Day hizo una mueca y hundió los dientes en la manzana.

—Vi a un hombre al que le habían escrito unas letras encima del cuerpo, y por eso la mitad de él era a prueba de armas. Yo mismo le clavé una lanza. Aunque fuese un golpe mortal, no le dejó ni una marca.

—¡Ooooooh! —Morveer levantó las manos y retorció los dedos como si fuese un niño jugando a ser un fantasma—. ¡Letras mágicas! Al principio no había ninguna herida y después… ¿seguía sin haber ninguna herida ? ¡Me retracto! El mundo está lleno de milagros —más risitas de Day.

—Sé lo que vi.

—No, mi mistificado amigo, tú crees que lo ves. No existe la magia. Al menos no en Styria.

—Sólo la traición —canturreó Day—, y la guerra, y la peste, y ganar dinero.

—Dime, ¿por qué favoreces a Styria con tu presencia? —preguntó Morveer—. ¿Por qué no quedarse en el Norte, bien arrebujado entre brumas mágicas?

Escalofríos se rascó ligeramente el cuello. Después de todo lo sucedido, lo cierto era que sus motivos le parecían extraños; por eso se sintió como un idiota cuando dijo:

—Vine hasta aquí para ser mejor persona.

—Pues, dadas la circunstancias, me atrevería a decir que eso te va a resultar bastante difícil.

A Escalofríos aún le quedaba algo de orgullo, y aquel capullo sonriente comenzaba a socavarlo. Le hubiera gustado darle un hachazo y arrojarlo fuera de su carro. Pero, como intentaba ser mejor persona, en vez de hacer lo que quería se inclinó hacia fuera y dijo en norteño, lenta y solemnemente:

—Creo que tienes la cabeza llena de mierda, lo cual no es de extrañar porque también tienes cara de culo. Suele sucederle a los hombrecillos como tú. Siempre intentan demostrar lo agudos que son para tener algo de lo que sentirse orgullosos. No me importa cuánto te rías de mí, porque ya te he ganado. Jamás serás alto —y se le rió en la cara—. Observar lo que hay en una habitación llena de gente siempre será para ti un sueño.

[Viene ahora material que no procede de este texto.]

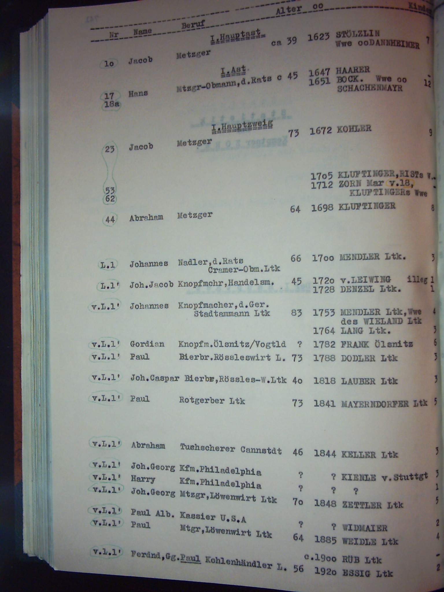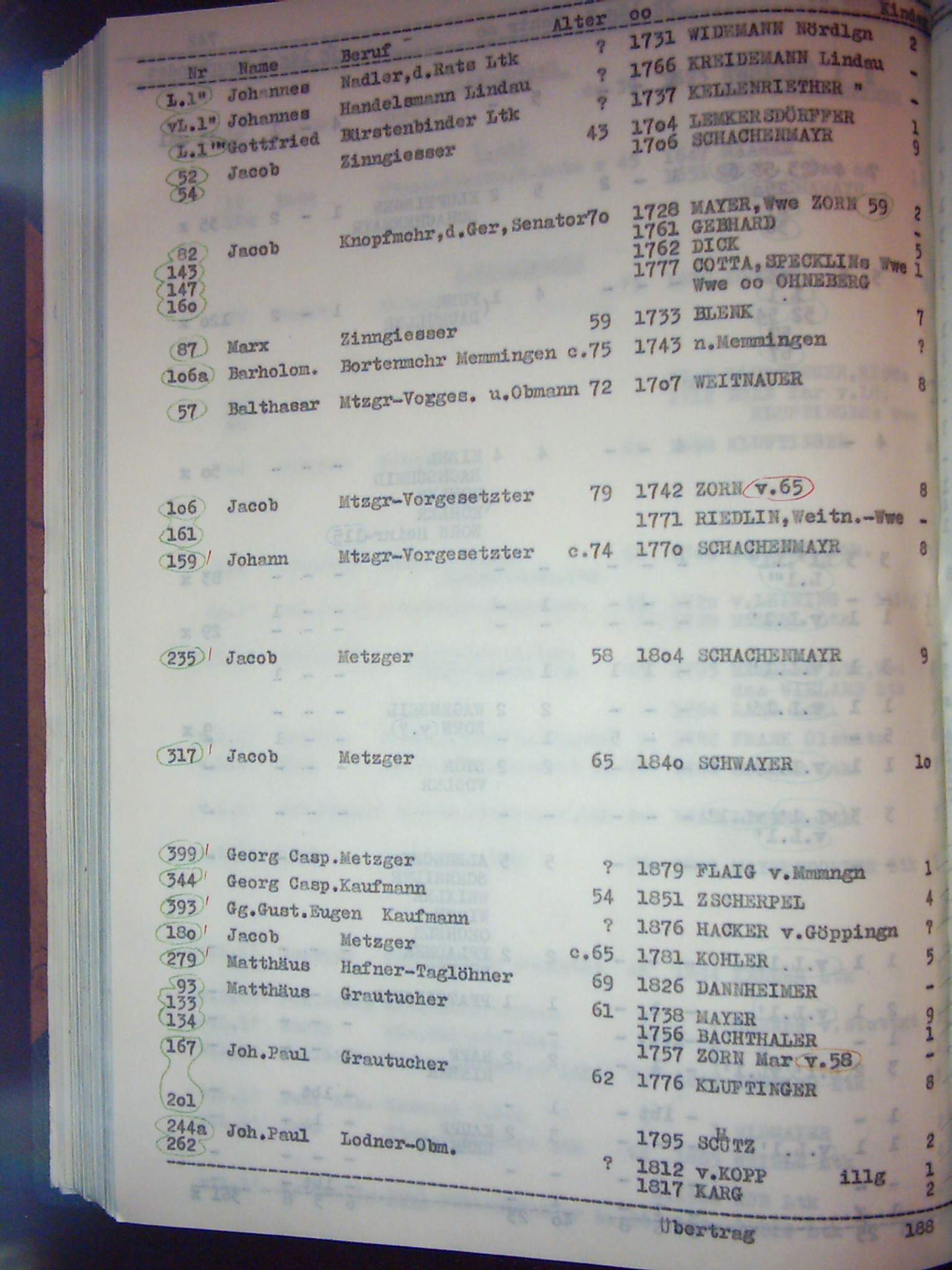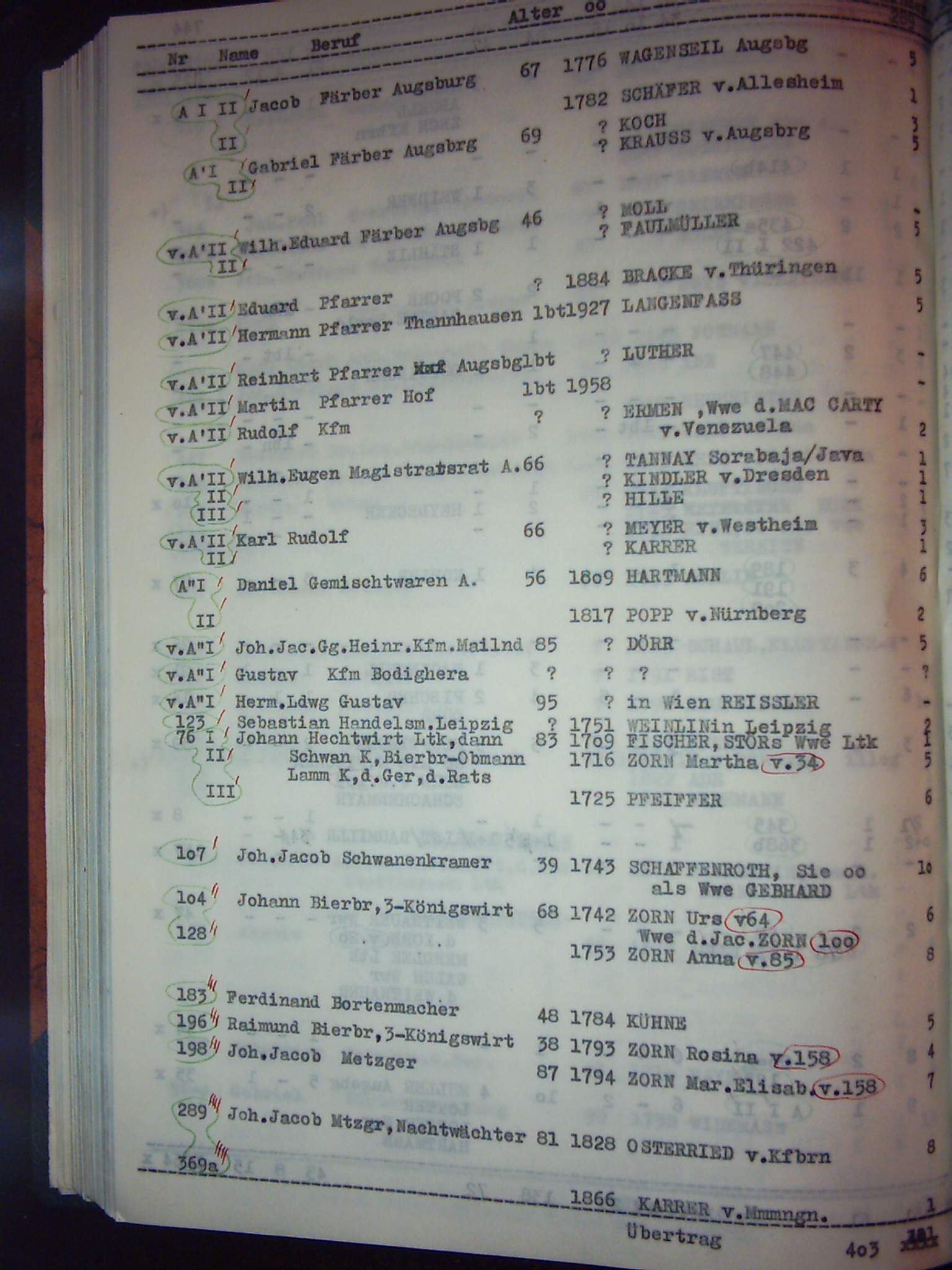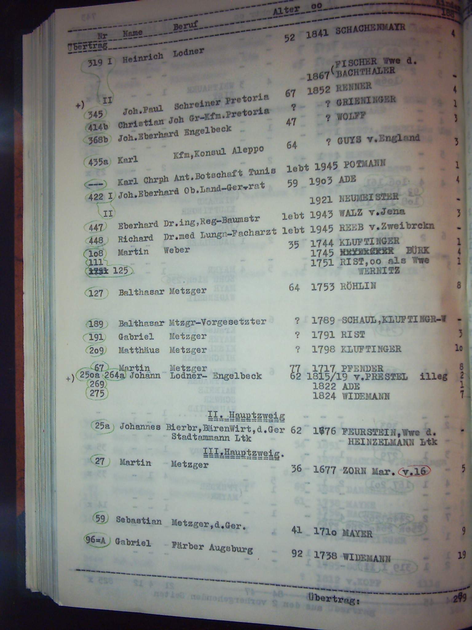 Namensverzeichnis zur Chronik der Gesamtfamilie Zorn Band II

—Y, ¿qué se supone que quieres decir con toda esa farfolla? —Morveer ponía cara de pocos amigos.

—Tú eres el jodido científico. Averígualo.

Day lanzó una risotada que Morveer interrumpió al fulminarla con la mirada. Aún sonreía mientras sólo dejaba de la manzana las pipas del corazón, para escupirlas acto seguido. Escalofríos se repantigó para ver cómo quedaban atrás los campos pelados y la tierra, que aparecía medio congelada a causa de la escarcha. Le recordaba a su hogar. Suspiró y vio que el aliento humeaba al recortarse contra el cielo gris. Todos sus amigos habían sido guerreros. Caris y Hombres Afamados, camaradas en la línea de batalla, que para entonces, de una u otra manera, habían regresado a la tierra. Como le parecía que Amistoso era la cosa más parecida a él en aquella Styria, dio un ligero codazo a uno de los flancos de su caballo para que se acercara al presidiario.

—¡Eh! —Amistoso no dijo ni palabra. Ni siquiera movió la cabeza para dar a entender que le había oído. El silencio se hizo más tenso. El hecho de mirar aquella cara de ladrillo y comprender que el presidiario nunca sería un compañero divertido, le quitó las ganas de hacer bromas. Pero, como uno jamás pierde la esperanza, preguntó—: ¿Así que fuiste soldado?

Amistoso meneó la cabeza.

—¿Y participaste en alguna batalla?

Otra vez lo mismo.

Escalofríos pensó que había dicho que sí. Para entonces no le quedaba más remedio que seguir hablando.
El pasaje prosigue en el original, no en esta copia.